Mittendrin im Frühling: In Herrenhausen beginnt die Saison

Von Juliane Kaune

Trotz der langen Frostperiode haben die Gärtner es geschafft, pünktlich zum Saisonstart den Frühling nach in die Herrenhäuser Gärten zu holen. In Herrenhausen grünt es allerorten – und die Große Fontäne sprudelt wieder.
Rein in die Rabatten: Herrenhausen-Chef Ronald Clark fühlt sich inmitten der Buchsbaumhecken sichtlich wohl – und hofft auf viele Gartenbesucher.

Rein in die Rabatten: Herrenhausen-Chef Ronald Clark fühlt sich inmitten der Buchsbaumhecken sichtlich wohl – und hofft auf viele Gartenbesucher.

© Thomas

Etwas unruhig wurde Ronald Clark schon, als die Temperaturen in der ersten Märzhälfte alles andere als frühlingshaft waren. Doch am Freitag konnte der Direktor der Herrenhäuser Gärten nun gut gelaunt die entscheidende Nachricht verkünden: Trotz der langen Frostperiode haben die Gärtner es geschafft, pünktlich zum Saisonstart den Frühling nach Herrenhausen zu holen. „Die Kollegen haben mit Hochdruck gearbeitet“, lobte Clark. Besucher können sich davon überzeugen: In den Beeten und Rabatten von Hannovers Touristenattraktion blüht es bereits unübersehbar. Und ab Sonntag sprudeln erstmals nach der Winterpause auch die Wasserspiele – dann wird die Große Fontäne wieder ihren kraftvollen Strahl in bis zu 80 Meter Höhe schießen.

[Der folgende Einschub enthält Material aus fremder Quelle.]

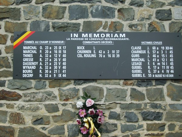 Localisation de ce monument: À l'église. Coordonnées GPS: 50° 01' 30" N, 5° 50' 09" E. Inscription figurant sur ce monument "IN MEMORIAM LA PAROISSE DE LONGVILLY RECONNAISSANTE TOMBÉS AU CHAMP D'HONNEUR [Huit noms] COMBATTANTS DÉCÉDÉS [Trois noms] VICTIMES CIVILES [Huit noms]" Voir les noms mentionnés sur ce monument |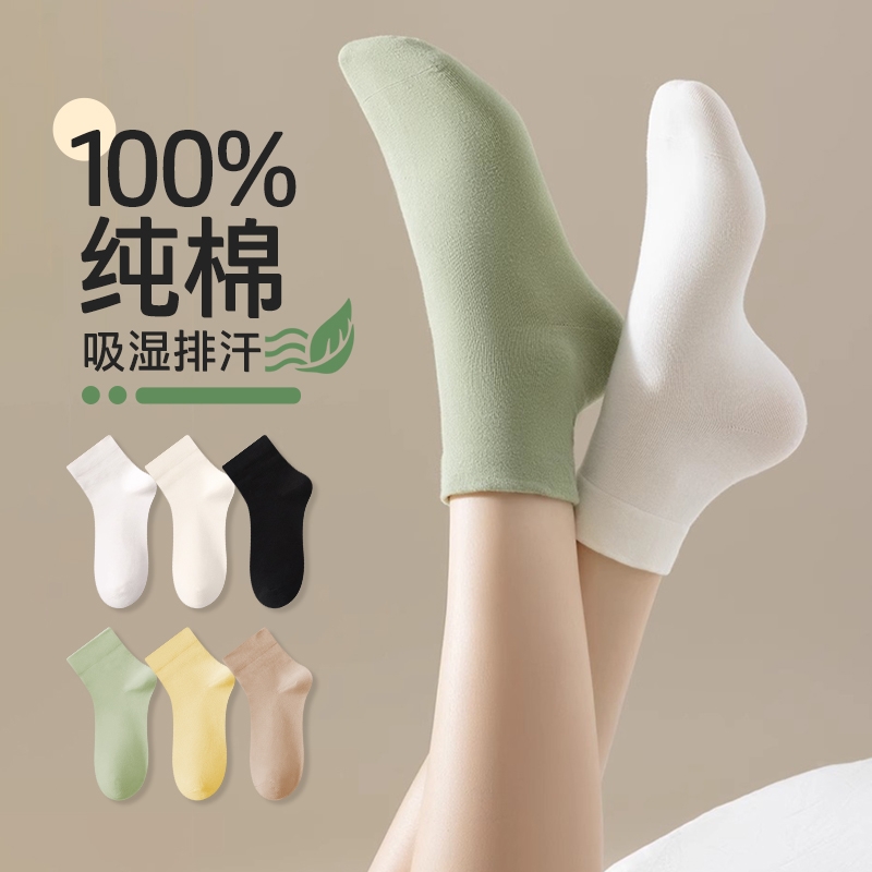 袜子女款中筒袜纯棉夏季日系短筒运动百搭简约秋冬季短袜女袜棉袜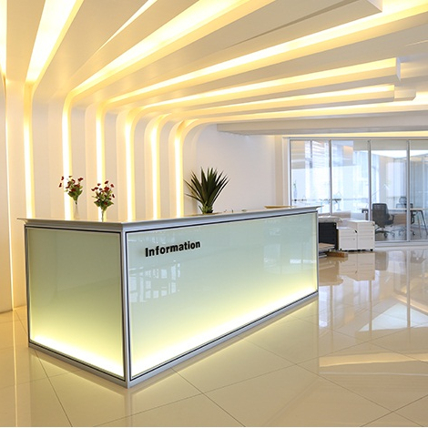 אלומיניום מסגרת זכוכית פנל סטנדרטי גודל l צורת דלפק סלון משמש עומד לבן מודרני משרד דלפק קבלת

Beim Probelauf am Freitag klappte das bestens. Ein wenig nachbessern müssen die Techniker andernorts: Weil die Becken der Sternfontänen im Großen Garten noch einige undichte Stellen haben, können diese erst zu Ostern in Betrieb gehen. Auch die Kleine Kaskade muss repariert werden, bevor sie wieder plätschert – bis Ende April sind Arbeiten am Treppenlauf und an der Balustrade vorgesehen. Letzte Ausbesserungen an den Wegen in den Barockanlagen und im Georgengarten, die während der Wintermonate nicht erledigt werden konnten, sollen nun bis zum Osterwochenende abgeschlossen sein.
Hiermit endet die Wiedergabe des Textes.